The results show a clear periodism.  All measured elements show 4 peaks.  Since the mycelium had grown 5 days at a rate of about 8 mm per day, this represents the period length of about 30 h, which corresponds to the 29.65±4,14 h calculated above.

Fig. 4:   EDX-measurements (in counts per min) of the mycelium along an axis from the inoculum (left) to the front of the colony (right).  For details of culture and preparation see materials and methods.


This observation may thus be regarded as another example of fungal rhythms in the form of concentric bands. It prompts the questions as to its endogenous or exogenous nature and concerning its evolutionary or ecological advantage.  An endogenous nature might be assumed due to the period length which does not correspond to that of any known environmental trigger.

As for the ecological value only speculations are possible at the moment. It may be concluded from the existing data that the induction of capture organs by living eelworms requires the hyphae to be continuously in a state of alertness. Independently of the type of the trigger, the alertness as well as the initial reactions demand energy provided by the metabolism. Thus, keeping only small areas of the mycelium in a state of alertness would allow the hyphae to economize the input of metabolic energy without reducing the effect: the nematodes moving around would sooner or later hit also the „hot spots“, induce trap formation and hence capture of sufficient animals to provide the metabolism with resources to start trap formation again – in part even in the hitherto not reacting parts of the mycelium.

On the other hand the results also give evidence that the typical fungal rhythms have a distribution wider than expected hitherto (and more importance than assumed?).
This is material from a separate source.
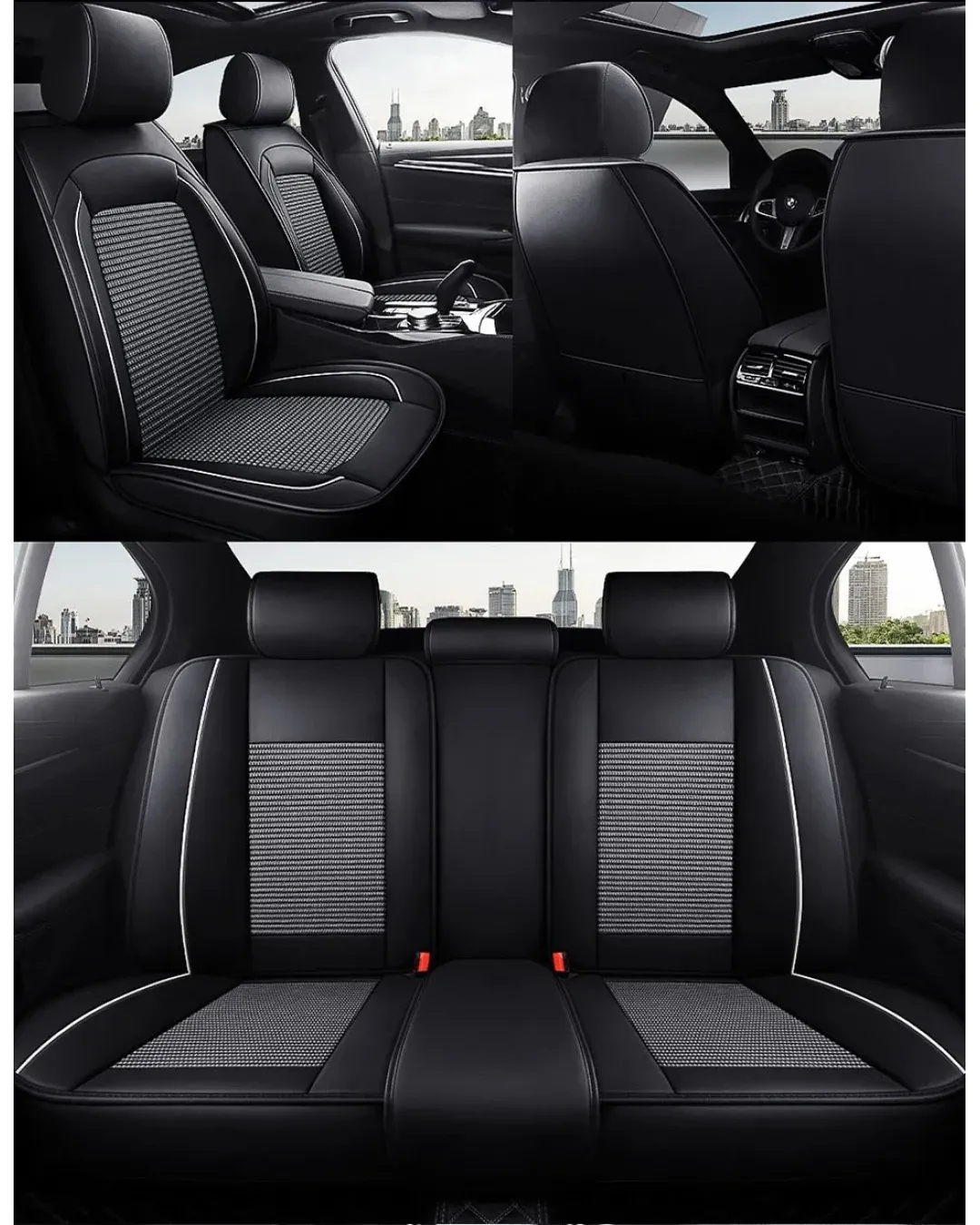 Комплект Луксозна универсална тапицерия кожа с текстил, Черна с бял кант за Предни и Задни седалки

Created by differences in the development or developmental potential along the axis from the origin to the front of the mycelium, these rhythms cause the formation of concentric bands of visible structures like conidiophores or fruiting organs. The example of trap formation now gives evidence that further structures formed by mycelia may be organized in periodic patterns.